Written by: Timothy Fitzgerald
06/11/2010 11:35 AM
For Brian Brawdy, what began as a personal challenge ballooned into something bigger than he could have ever imagined.
After having retired from a long career as a New York undercover cop Brawdy was at a crossroads in his life. What to do next? He found inspiration in outdoor travel and created a personal challenge for himself: fashion an RV that runs off solar and wind power. Since then Brawdy has repeatedly appeared on some of the largest national television networks as an expert on self-reliance, survival, and emergency preparedness and his Eco RV has become a nationally recognized symbol of environmental responsibility.
We caught up with Brawdy to find out about his inspirations, aspirations, and his predictions of what the future has in store for Eco RVing.
CampingRoadTrip.com: What drew you to RVing and how did you first become involved in eco RVing?

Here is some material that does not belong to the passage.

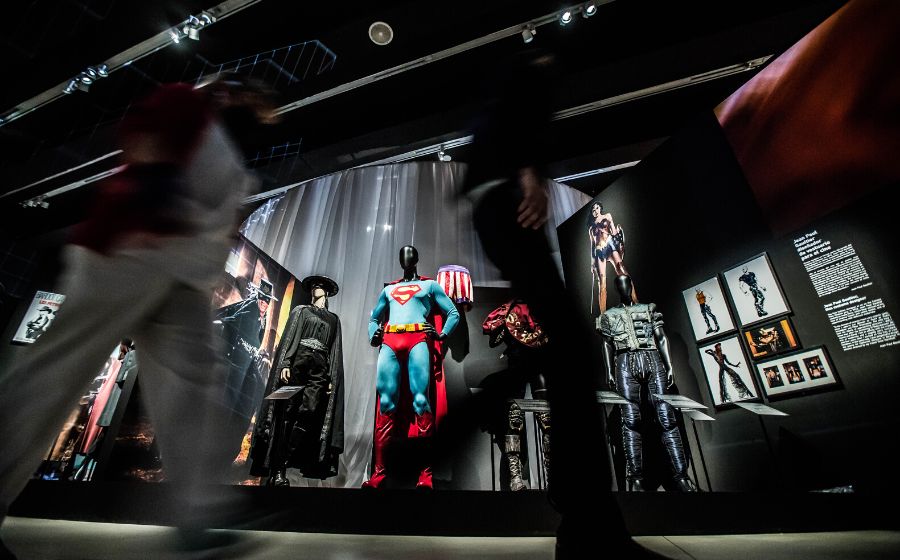 Hi podem trobar obres de dissenyadors importants, com Chanel, Saint Laurent o Pierre Cardin, així com vestits que vam veure lluir a gent rellevant del cinema com ara Audrey Hepburn, Sharon Stone i d’altres, però també els vestits de Superman o la màscara del Zorro També cartells de cinema i breus projeccions audiovisuals. La mostra ha passat recentment per Madrid, i Gaultier ofereix també referents al context espanyol, amb figures com Almodóvar, Balenciaga o Sara Montiel.

BRIAN BAWDY: The sense of adventure. When bringing the far away to my own front door reached a pitch that I could no longer ignore, I became involved.
What is it about the adventure that draws you in?
Honestly, after 1.5 years living on the road full time it is the people. At first it was the places, but I realized that I am more moved by the people I meet than the places I've been.
Why do you feel so passionate about the eco message?
It's a matter of math. We only have one planet, a planet that gave birth to us. Though many will complain about a planet in peril, I'm more interested these days in a people in peril.
A few years ago I went on a 48 states tour. In traveling throughout those 48 states it has always been the people I've met that have made the most significant impact on me, no two ways about it.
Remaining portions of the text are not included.